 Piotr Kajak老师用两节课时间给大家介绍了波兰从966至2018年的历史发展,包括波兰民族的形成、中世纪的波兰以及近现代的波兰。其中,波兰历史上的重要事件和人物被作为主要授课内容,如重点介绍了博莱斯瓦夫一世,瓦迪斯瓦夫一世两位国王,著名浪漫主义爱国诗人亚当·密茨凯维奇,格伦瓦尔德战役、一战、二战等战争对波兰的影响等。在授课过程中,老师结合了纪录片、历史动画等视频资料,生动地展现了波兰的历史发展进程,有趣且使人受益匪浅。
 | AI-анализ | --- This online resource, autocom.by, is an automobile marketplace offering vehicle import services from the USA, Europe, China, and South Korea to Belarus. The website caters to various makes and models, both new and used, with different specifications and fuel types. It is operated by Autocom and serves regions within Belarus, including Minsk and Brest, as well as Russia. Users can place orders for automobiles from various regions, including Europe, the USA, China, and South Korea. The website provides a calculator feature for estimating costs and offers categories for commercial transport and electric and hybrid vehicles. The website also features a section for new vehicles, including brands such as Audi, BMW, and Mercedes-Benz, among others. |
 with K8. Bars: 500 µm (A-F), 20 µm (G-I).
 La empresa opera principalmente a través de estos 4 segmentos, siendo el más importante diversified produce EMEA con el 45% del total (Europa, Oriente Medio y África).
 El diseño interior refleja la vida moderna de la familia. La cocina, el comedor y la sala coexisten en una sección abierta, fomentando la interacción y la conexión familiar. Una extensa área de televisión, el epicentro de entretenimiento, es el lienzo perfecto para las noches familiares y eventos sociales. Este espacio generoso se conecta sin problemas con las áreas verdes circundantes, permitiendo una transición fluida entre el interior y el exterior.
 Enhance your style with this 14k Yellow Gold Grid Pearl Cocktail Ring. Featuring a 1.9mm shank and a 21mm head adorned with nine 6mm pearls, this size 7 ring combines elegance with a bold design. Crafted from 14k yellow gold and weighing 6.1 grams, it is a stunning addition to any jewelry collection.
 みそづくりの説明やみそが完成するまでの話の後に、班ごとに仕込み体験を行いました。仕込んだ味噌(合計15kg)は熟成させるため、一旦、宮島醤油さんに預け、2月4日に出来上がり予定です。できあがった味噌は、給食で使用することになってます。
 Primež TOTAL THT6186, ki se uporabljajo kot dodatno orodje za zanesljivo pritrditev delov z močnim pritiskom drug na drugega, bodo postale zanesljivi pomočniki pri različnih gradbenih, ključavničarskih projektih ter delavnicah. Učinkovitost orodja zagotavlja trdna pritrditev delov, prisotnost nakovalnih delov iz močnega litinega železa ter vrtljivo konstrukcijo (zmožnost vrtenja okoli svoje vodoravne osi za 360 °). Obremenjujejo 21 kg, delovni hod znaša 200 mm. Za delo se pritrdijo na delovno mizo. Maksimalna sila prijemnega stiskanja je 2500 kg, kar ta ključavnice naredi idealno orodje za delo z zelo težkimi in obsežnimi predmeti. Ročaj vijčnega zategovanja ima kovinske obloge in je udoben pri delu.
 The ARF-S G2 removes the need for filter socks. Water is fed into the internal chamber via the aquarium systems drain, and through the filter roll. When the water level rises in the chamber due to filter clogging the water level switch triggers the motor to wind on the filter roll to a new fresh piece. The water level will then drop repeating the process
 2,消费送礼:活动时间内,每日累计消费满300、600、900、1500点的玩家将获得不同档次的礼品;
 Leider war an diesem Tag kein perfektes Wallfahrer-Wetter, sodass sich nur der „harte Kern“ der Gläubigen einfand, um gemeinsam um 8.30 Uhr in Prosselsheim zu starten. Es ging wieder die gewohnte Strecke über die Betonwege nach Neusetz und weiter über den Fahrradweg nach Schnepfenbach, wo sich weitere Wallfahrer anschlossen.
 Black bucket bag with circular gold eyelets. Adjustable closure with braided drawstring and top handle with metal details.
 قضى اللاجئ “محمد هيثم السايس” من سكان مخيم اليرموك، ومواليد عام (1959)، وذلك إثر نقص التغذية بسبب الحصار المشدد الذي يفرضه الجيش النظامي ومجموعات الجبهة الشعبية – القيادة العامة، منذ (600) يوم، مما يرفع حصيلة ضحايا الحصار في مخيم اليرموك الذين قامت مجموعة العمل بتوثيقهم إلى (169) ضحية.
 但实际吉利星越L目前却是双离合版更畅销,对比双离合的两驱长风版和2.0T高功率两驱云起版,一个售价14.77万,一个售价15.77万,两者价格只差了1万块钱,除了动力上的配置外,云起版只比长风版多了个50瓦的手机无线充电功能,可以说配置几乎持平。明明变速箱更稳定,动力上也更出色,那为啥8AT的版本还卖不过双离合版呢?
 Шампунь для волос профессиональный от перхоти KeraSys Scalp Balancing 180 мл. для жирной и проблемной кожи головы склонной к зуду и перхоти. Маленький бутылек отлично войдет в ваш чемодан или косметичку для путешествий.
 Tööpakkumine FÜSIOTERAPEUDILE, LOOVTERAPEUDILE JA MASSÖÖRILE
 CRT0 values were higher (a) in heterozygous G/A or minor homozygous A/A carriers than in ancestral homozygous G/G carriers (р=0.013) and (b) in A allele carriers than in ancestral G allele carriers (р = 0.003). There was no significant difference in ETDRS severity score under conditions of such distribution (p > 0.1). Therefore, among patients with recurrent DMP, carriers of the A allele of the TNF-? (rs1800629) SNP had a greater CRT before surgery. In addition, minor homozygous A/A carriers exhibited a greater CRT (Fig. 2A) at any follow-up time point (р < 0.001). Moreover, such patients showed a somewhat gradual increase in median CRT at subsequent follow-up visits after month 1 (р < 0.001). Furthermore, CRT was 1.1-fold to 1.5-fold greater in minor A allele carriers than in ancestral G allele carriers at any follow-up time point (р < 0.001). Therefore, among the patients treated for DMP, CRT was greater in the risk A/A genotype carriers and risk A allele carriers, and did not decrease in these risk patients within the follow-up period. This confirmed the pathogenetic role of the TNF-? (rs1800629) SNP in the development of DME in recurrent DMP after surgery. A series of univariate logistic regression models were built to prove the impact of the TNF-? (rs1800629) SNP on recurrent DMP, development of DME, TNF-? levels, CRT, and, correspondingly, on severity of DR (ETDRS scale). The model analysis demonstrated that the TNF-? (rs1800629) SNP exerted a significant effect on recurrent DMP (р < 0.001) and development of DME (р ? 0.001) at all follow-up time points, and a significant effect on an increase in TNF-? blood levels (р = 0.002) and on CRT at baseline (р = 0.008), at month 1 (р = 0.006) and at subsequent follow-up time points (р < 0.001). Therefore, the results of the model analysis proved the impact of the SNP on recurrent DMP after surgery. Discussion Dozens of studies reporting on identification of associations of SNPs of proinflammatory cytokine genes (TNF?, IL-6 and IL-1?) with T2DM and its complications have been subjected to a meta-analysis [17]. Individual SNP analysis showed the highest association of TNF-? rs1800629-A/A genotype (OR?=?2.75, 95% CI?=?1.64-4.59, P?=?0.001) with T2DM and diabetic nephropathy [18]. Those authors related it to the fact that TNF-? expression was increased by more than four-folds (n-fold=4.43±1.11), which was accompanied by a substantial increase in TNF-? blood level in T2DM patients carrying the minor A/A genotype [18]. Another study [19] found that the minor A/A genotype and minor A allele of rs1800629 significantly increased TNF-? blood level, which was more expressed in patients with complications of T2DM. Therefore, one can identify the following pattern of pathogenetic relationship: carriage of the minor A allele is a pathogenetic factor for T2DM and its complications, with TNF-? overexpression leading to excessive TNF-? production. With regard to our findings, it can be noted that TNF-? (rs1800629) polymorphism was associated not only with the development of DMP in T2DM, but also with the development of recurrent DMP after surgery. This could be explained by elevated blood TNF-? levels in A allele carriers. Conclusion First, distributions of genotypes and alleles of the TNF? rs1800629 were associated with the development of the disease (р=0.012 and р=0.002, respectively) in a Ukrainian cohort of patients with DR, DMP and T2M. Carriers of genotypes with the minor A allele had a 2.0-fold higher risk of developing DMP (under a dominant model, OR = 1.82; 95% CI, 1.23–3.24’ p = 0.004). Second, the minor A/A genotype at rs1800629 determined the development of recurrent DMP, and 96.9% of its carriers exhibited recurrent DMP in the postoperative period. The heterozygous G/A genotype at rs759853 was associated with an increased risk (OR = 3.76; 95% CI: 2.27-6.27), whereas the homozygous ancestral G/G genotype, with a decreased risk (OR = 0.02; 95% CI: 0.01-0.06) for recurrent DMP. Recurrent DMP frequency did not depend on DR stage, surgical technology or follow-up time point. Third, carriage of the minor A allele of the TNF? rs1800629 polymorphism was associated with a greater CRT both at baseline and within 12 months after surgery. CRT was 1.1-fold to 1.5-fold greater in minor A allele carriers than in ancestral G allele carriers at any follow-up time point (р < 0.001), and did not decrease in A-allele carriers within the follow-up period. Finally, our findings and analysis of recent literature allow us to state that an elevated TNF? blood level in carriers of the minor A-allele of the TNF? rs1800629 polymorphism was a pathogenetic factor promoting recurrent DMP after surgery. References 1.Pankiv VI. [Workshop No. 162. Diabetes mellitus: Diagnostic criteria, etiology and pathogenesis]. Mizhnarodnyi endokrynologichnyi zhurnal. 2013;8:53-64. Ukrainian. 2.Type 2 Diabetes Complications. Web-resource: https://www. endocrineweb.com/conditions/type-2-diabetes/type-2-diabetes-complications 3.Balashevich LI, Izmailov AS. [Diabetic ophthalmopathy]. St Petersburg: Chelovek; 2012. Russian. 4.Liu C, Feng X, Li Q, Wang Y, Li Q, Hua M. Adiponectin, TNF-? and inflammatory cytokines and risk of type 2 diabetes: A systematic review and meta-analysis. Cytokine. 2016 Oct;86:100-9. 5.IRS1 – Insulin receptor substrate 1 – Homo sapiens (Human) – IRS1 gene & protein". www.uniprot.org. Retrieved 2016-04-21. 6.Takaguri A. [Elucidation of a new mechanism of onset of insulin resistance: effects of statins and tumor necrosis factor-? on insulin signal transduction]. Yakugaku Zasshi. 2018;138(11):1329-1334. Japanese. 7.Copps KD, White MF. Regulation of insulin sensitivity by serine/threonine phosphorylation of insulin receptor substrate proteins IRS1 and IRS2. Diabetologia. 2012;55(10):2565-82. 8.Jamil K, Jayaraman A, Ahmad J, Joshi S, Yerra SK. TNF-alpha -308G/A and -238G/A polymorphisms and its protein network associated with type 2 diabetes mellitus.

### TO DO
Lines in the data holding the word "from": count them and say how many, nothing more.

### ANSWER SPACE
2